* **Data**
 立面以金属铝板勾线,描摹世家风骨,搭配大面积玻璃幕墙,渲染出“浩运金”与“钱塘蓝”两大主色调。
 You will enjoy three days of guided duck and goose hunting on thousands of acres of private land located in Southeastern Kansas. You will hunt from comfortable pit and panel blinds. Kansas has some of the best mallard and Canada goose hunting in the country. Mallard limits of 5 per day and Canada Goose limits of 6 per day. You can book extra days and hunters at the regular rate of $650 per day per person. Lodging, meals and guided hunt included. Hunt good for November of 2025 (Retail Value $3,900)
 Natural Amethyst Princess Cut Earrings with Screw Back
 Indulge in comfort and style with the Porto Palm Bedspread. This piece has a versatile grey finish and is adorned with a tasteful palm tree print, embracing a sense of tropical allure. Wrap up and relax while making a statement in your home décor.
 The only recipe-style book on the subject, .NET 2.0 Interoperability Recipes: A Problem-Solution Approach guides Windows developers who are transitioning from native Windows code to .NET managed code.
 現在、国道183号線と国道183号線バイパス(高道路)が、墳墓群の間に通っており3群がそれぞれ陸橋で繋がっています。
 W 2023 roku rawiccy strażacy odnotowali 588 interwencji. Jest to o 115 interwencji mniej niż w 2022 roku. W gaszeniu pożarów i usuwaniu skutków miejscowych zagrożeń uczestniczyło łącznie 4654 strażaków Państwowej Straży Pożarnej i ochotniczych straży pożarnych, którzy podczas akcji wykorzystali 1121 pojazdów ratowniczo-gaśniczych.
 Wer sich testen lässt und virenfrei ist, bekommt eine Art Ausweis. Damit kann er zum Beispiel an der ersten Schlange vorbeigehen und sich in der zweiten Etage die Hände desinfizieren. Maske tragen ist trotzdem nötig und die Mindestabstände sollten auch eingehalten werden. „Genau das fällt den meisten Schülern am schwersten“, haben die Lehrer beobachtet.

==

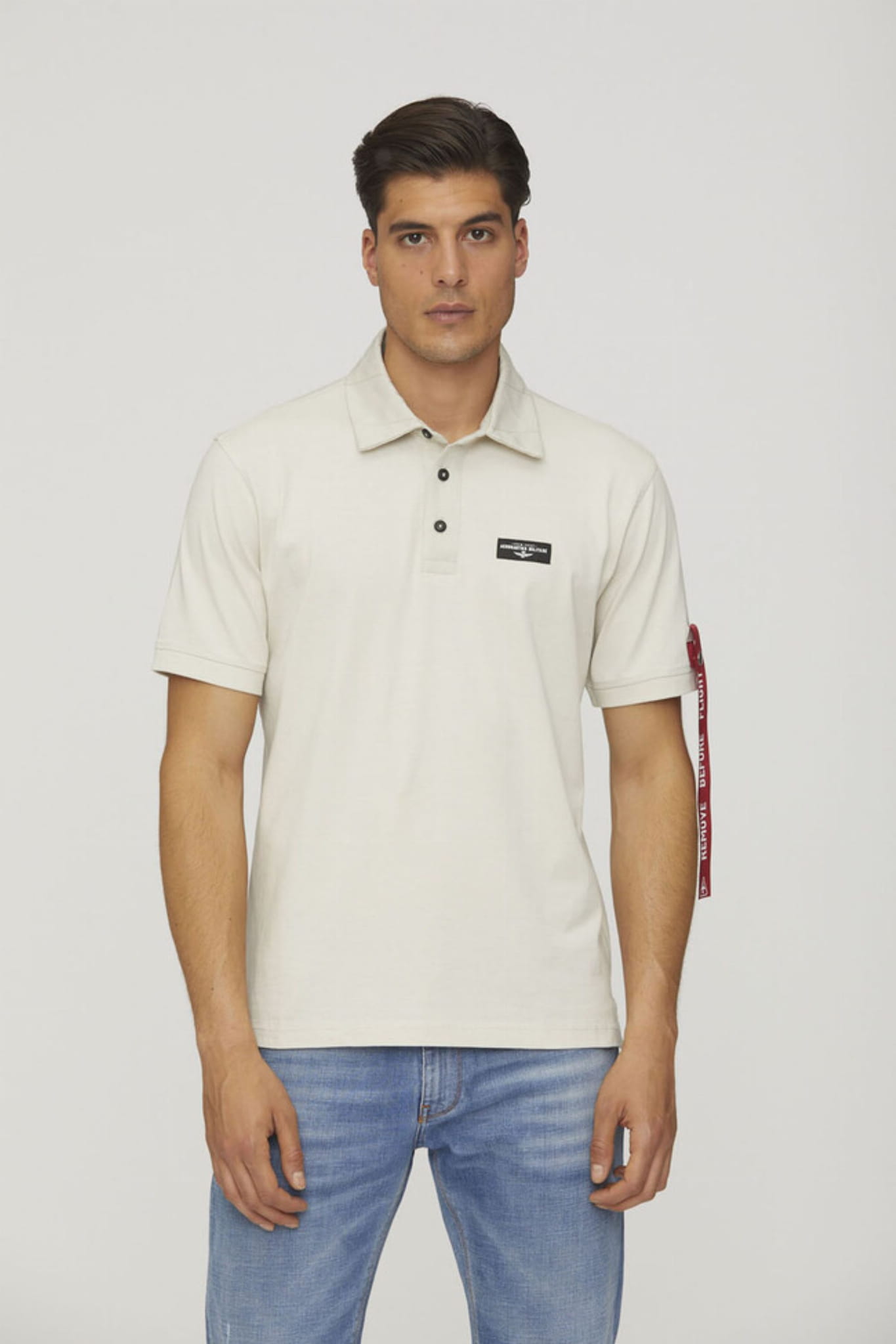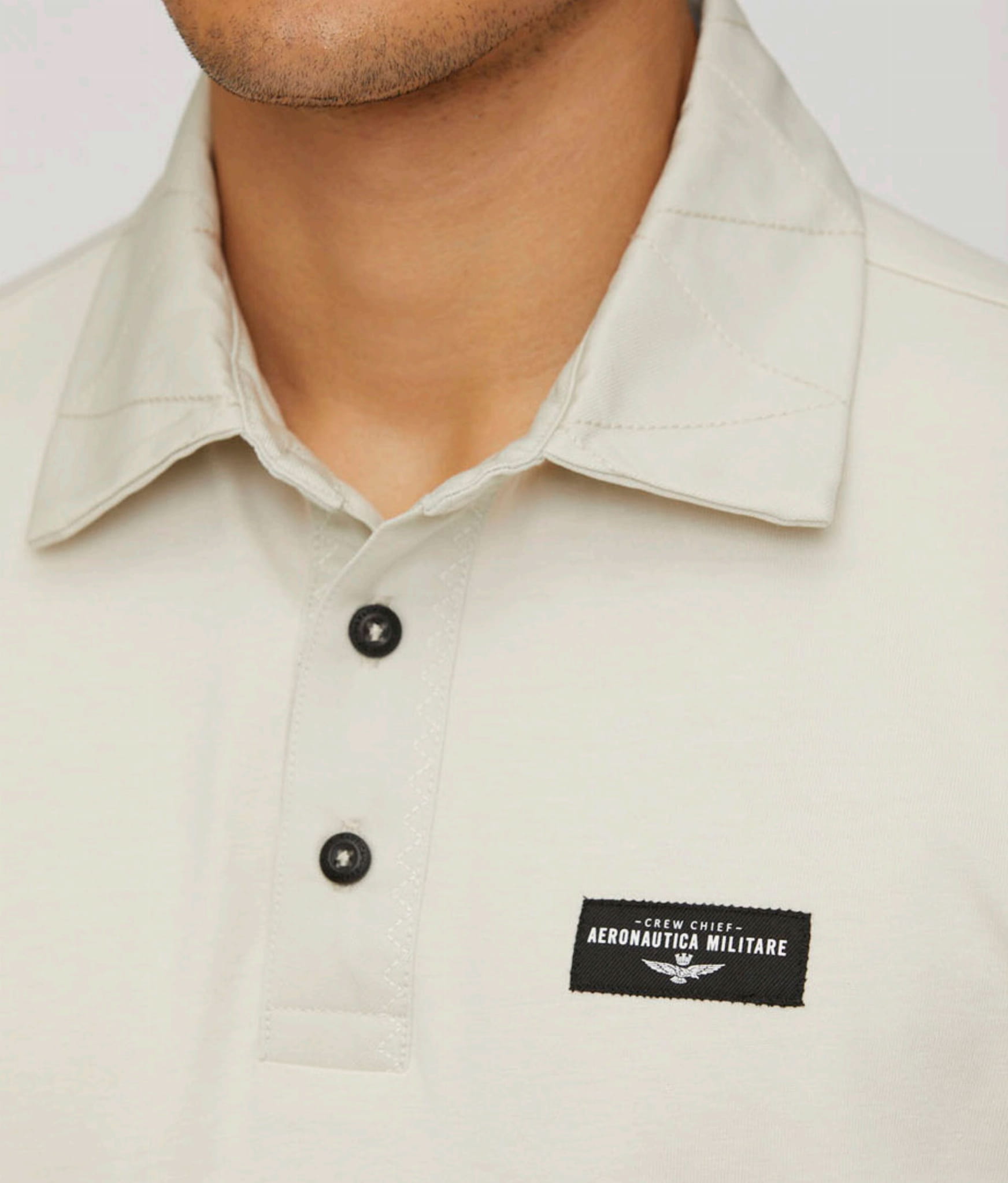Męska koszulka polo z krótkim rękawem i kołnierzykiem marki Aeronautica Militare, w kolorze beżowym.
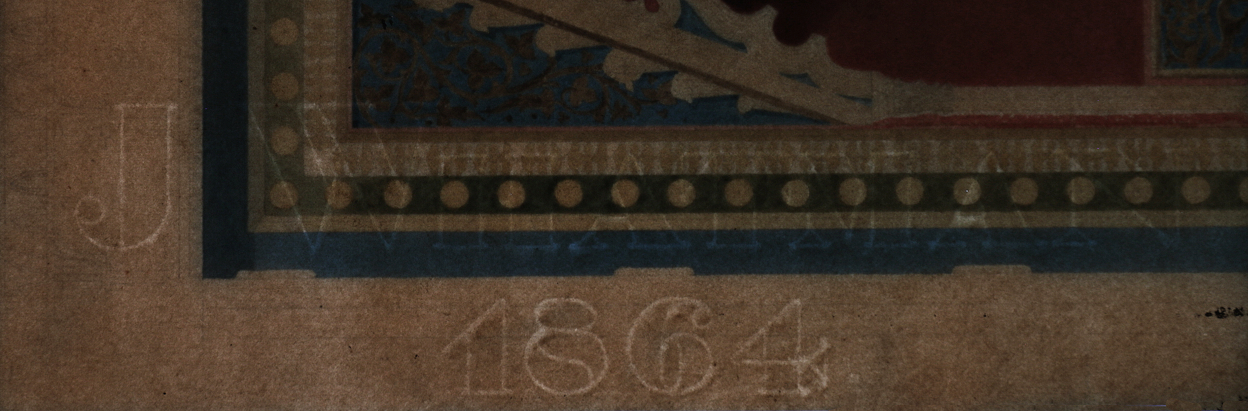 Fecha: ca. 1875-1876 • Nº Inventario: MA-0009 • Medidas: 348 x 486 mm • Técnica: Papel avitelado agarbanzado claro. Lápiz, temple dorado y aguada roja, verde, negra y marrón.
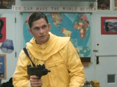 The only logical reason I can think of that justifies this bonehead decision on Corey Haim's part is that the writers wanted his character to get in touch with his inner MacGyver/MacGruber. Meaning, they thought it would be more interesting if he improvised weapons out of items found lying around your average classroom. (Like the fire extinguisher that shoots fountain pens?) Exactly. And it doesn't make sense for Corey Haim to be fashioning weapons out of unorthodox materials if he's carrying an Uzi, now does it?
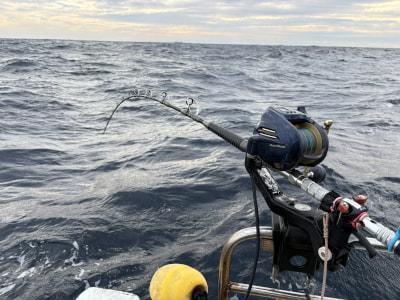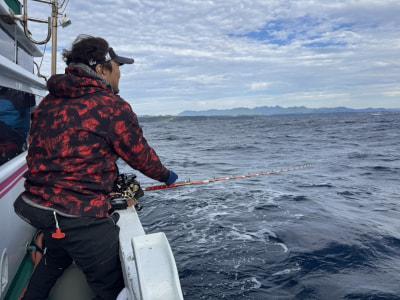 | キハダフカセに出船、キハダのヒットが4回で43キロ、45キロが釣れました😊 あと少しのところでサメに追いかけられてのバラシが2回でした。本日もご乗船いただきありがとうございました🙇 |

==

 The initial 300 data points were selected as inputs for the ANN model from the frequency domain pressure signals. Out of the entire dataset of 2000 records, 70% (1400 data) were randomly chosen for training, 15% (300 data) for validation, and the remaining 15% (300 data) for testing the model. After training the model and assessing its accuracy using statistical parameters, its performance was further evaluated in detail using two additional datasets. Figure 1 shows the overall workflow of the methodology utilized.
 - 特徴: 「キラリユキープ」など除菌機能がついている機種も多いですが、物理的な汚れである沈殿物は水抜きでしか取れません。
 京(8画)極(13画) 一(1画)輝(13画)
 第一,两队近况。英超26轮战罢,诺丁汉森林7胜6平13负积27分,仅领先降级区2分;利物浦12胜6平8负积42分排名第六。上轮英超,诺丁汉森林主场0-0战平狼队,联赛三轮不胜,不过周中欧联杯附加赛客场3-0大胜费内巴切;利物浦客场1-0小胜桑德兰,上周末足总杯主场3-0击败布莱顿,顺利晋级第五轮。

* **Description of the task**
Taking the records above, retype every line from the one with "現在、国道183号線と国道1" down to the one with "Wer sich testen", exactly and with nothing else.

* **Your response**
 現在、国道183号線と国道183号線バイパス(高道路)が、墳墓群の間に通っており3群がそれぞれ陸橋で繋がっています。
 W 2023 roku rawiccy strażacy odnotowali 588 interwencji. Jest to o 115 interwencji mniej niż w 2022 roku. W gaszeniu pożarów i usuwaniu skutków miejscowych zagrożeń uczestniczyło łącznie 4654 strażaków Państwowej Straży Pożarnej i ochotniczych straży pożarnych, którzy podczas akcji wykorzystali 1121 pojazdów ratowniczo-gaśniczych.
 Wer sich testen lässt und virenfrei ist, bekommt eine Art Ausweis. Damit kann er zum Beispiel an der ersten Schlange vorbeigehen und sich in der zweiten Etage die Hände desinfizieren. Maske tragen ist trotzdem nötig und die Mindestabstände sollten auch eingehalten werden. „Genau das fällt den meisten Schülern am schwersten“, haben die Lehrer beobachtet.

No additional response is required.